Here. Let's simplify this. LMGTFY is a meme.

From the rules:


			
				QUOTE said:
			
		

> • When replying to a topic, don't; unless you have something meaningful to say or something that will contribute to the discussion. Posts such as "Yes", "I agree", "LOL", "When will it be dumped?" or "When will it be translated?"; and nothing but images/emoticons *or internet memes* are useless and are wasteful on the servers. This is not GameFAQs or 4chan!



Furthermore, "what if someone does something stupid, can i do something stupid?"

I suppose if two wrongs make a right... then, absolutely!
But that's not how it works here. So no. It's not cool.


----------



## Raiser (Jul 30, 2010)

dudeonline said:
			
		

> Vulpes Abnocto said:
> 
> 
> 
> ...


I agree with this. But then again, you're making yourself just as useless as the OP's question.

But I would assume that doing something like:
"LMGTFY 

First link."

And actually leading him to a solution would be fine.


----------



## SifJar (Aug 1, 2010)

SifJar said:
			
		

> Minox_IX said:
> 
> 
> 
> ...


I'd really like to hear some justification on this. And also, directly linking to NUSAD, which can download illegal cIOS WADs directly.

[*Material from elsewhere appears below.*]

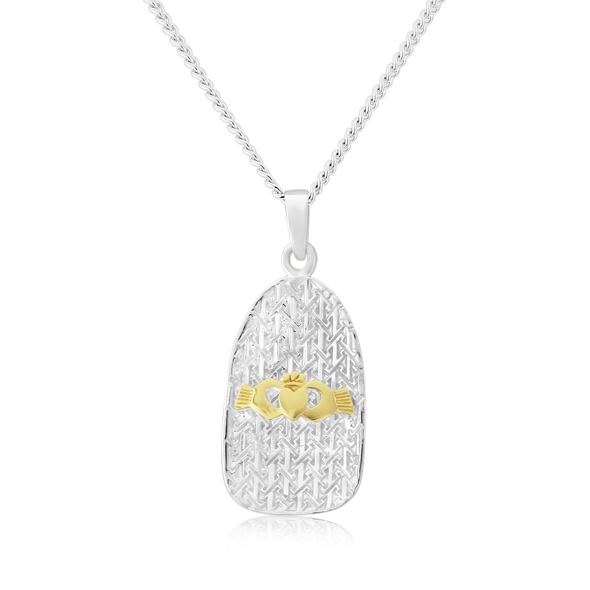 A very complimentary shaped pendant complete with traditional Claddagh!

Why not just make a downloader which auto-downloads ROMs or warez of other kinds, as it seems thats OK?


----------



## Deleted User (Aug 1, 2010)

YayMii said:
			
		

> RupeeClock said:
> 
> 
> 
> ...


ROM LINKS are not available on GBATemp. You are essentially masking the URL twice, so I wouldn't do it if I were you.


----------



## tj_cool (Aug 1, 2010)

SifJar said:
			
		

> I'd really like to hear some justification on this. And also, directly linking to NUSAD, which can download illegal cIOS WADs directly. Why not just make a downloader which auto-downloads ROMs or warez of other kinds, as it seems thats OK?

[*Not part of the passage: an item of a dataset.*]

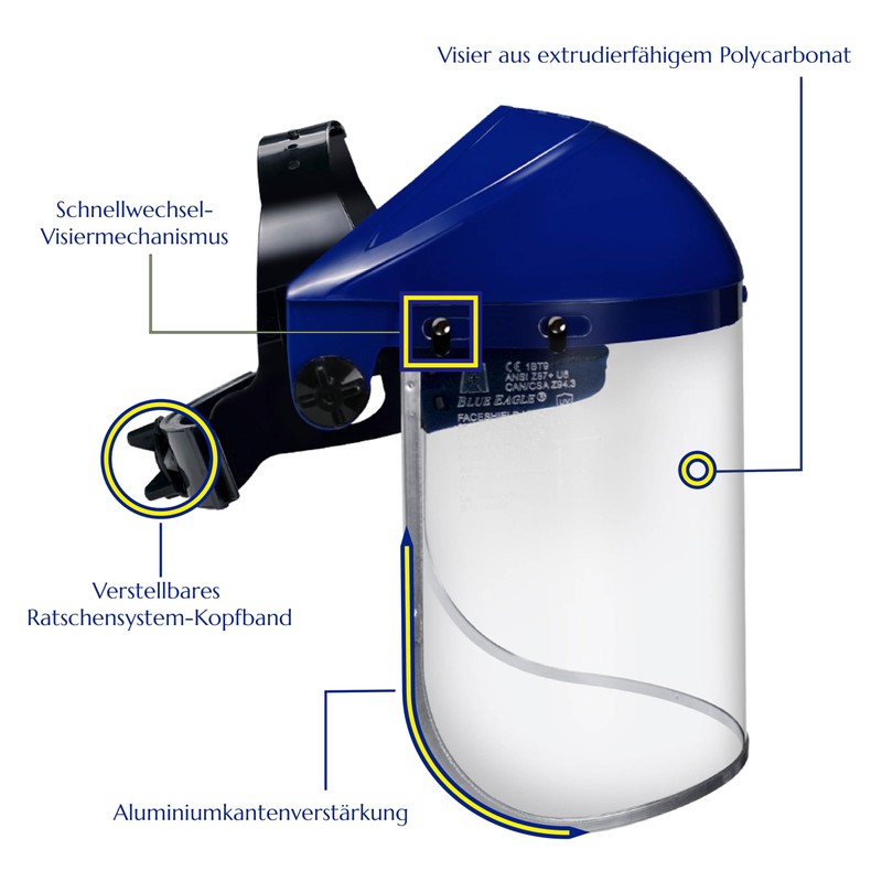 Blue Eagle Full Face Impact Resistant Safety Faceshield (B1BL+FC48) | Clear | Extrusion-Grade Polycarbonate Visor | 1 Set + Replacement Visor

Don't ask me, I never understood that myself (I was against the "email to get files" thing from start, though others seem to have no problems with it) ...

As for NUSAD, it claims to be able to reconstruct cIOS WADs legally (by downloading the IOS from NUSD, then altering it).


----------



## grubbymitts (Aug 1, 2010)

YayMii said:
			
		

> Okay, I understand.
> 
> But I have a question. If somebody asks an incredibly stupid question and everyone's posting facepalm pictures or something, is it fine to post a LMGTFY link to answer?



Answered



sorry couldn't resist


----------



## SifJar (Aug 1, 2010)

tj_cool said:
			
		

> Don't ask me, I never understood that myself (I was against the "email to get files" thing from start, though others seem to have no problems with it) ...
> 
> As for NUSAD, it claims to be able to reconstruct cIOS WADs legally (by downloading the IOS from NUSD, then altering it).


OK I didn't know NUSAD did it legally...Still, as it stands, there appears to be no real reason why there can't be, say, an auto-reply email address which will send links to a couple of ROM sites or whatever...


----------



## Speculant (Aug 1, 2010)

people that don't google before they ask a question shouldn't even deserve a LMGTFY link.


----------